Extracted records>
━━━━━━━━━━━━━━━━━━━━━━━━━━━━━━

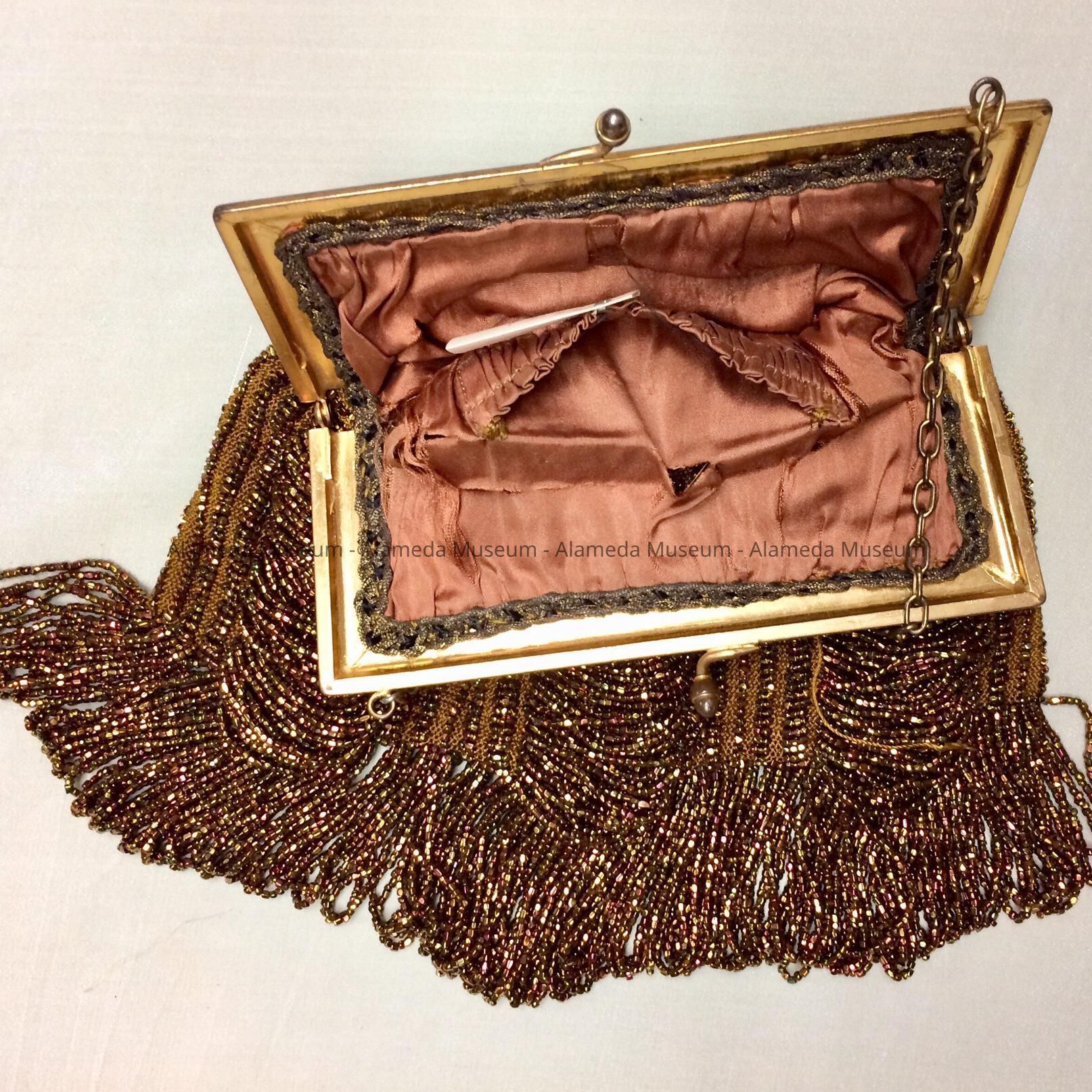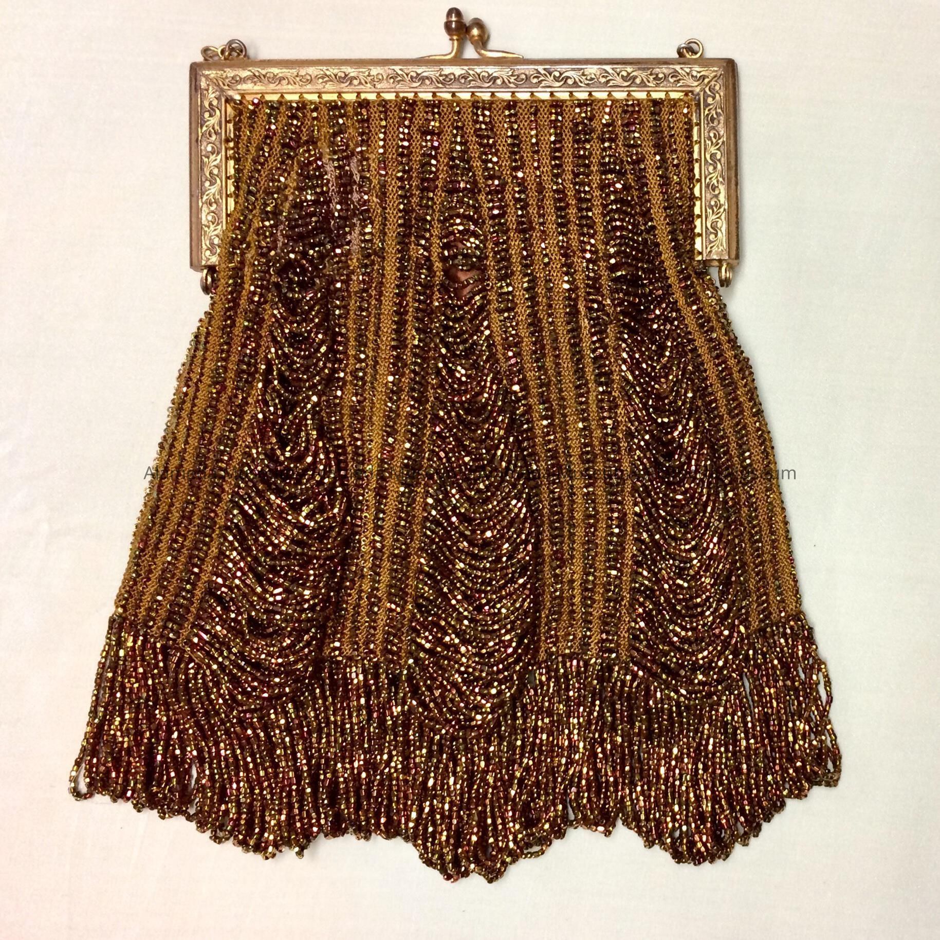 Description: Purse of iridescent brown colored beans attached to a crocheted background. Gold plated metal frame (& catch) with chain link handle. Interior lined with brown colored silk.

━━━━━━━━━━━━━━━━━━━━━━━━━━━━━━

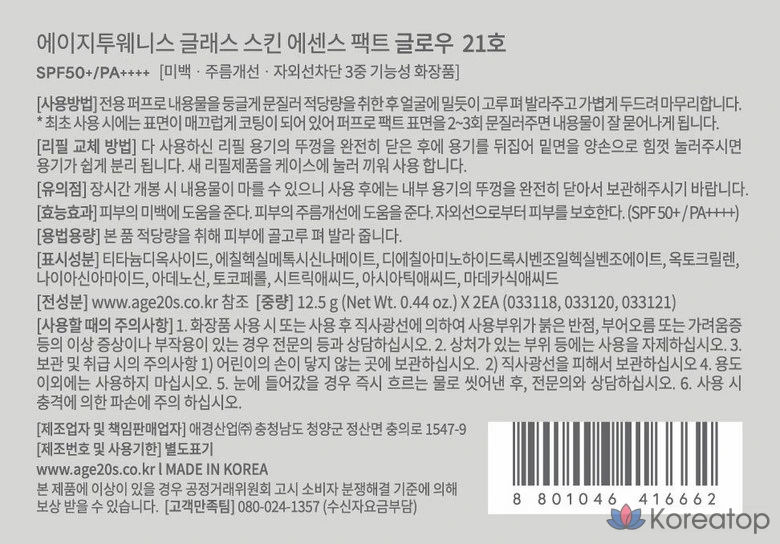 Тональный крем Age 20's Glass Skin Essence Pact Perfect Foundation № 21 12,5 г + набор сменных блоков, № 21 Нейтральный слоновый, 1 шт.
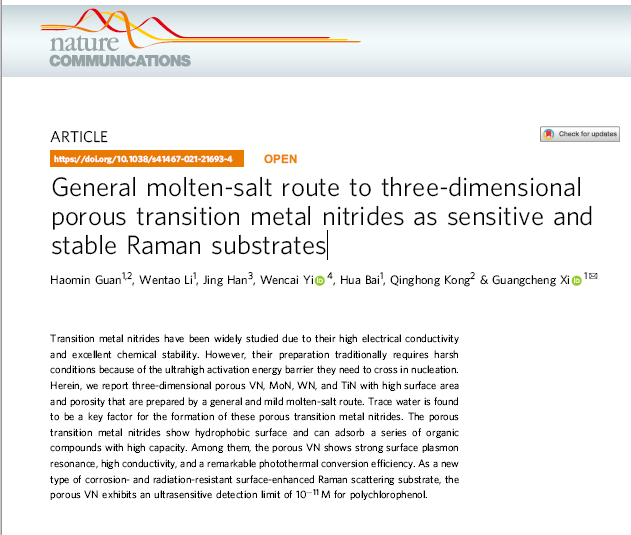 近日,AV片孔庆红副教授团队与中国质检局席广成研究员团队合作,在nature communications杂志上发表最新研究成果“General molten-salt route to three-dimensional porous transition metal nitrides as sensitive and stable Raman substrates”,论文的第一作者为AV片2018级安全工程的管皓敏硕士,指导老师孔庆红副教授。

━━━━━━━━━━━━━━━━━━━━━━━━━━━━━━

Exercise> Reproduce exactly the lines of the data above that run from the line with "Тональный крем Age" down to the line with "molten-salt route to", both ends included. Pictures do not belong in the copy.

Reply>
 Тональный крем Age 20's Glass Skin Essence Pact Perfect Foundation № 21 12,5 г + набор сменных блоков, № 21 Нейтральный слоновый, 1 шт.
 近日,AV片孔庆红副教授团队与中国质检局席广成研究员团队合作,在nature communications杂志上发表最新研究成果“General molten-salt route to three-dimensional porous transition metal nitrides as sensitive and stable Raman substrates”,论文的第一作者为AV片2018级安全工程的管皓敏硕士,指导老师孔庆红副教授。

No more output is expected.